> _TASK TO COMPLETE_: After finding "THREE SMALL JAPANESE" in a line below, print that line and the rest of the lines exactly, leaving out all pictures.

> _SUPPLIED MATERIAL_:
────

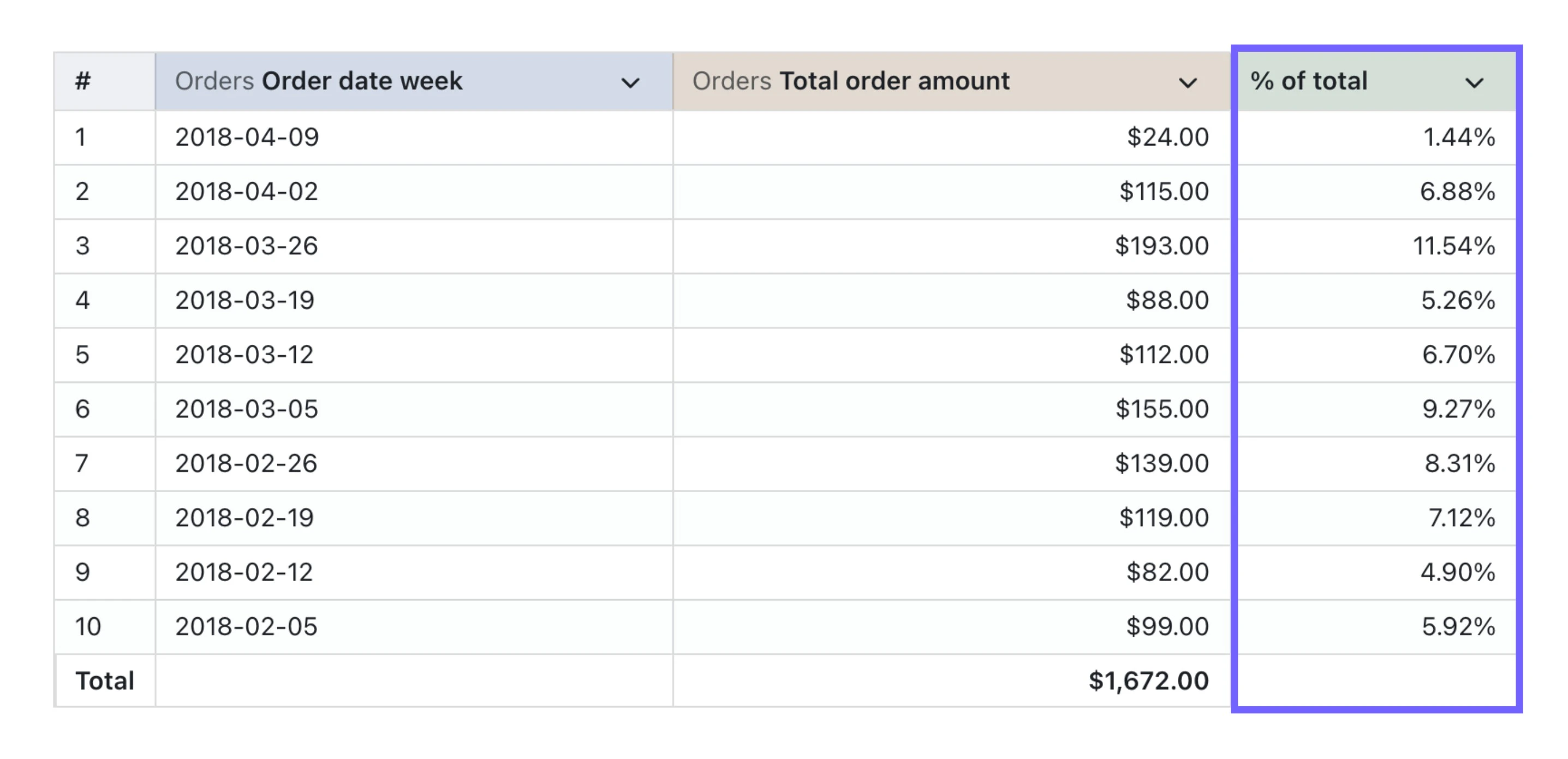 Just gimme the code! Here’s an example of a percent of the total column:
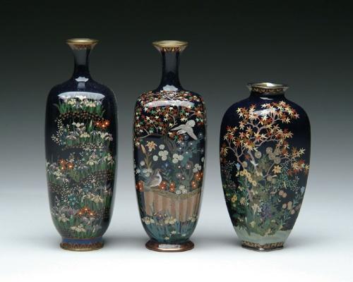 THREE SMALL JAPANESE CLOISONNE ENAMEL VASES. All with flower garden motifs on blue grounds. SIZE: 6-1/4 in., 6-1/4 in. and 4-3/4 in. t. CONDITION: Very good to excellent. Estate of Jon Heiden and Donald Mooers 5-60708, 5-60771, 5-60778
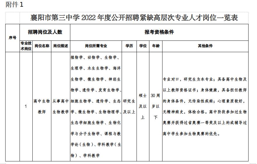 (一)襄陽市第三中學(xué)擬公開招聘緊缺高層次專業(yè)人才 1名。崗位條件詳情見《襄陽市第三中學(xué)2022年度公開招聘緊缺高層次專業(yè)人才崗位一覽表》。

────

> _ANSWER SECTION_:
 THREE SMALL JAPANESE CLOISONNE ENAMEL VASES. All with flower garden motifs on blue grounds. SIZE: 6-1/4 in., 6-1/4 in. and 4-3/4 in. t. CONDITION: Very good to excellent. Estate of Jon Heiden and Donald Mooers 5-60708, 5-60771, 5-60778
 (一)襄陽市第三中學(xué)擬公開招聘緊缺高層次專業(yè)人才 1名。崗位條件詳情見《襄陽市第三中學(xué)2022年度公開招聘緊缺高層次專業(yè)人才崗位一覽表》。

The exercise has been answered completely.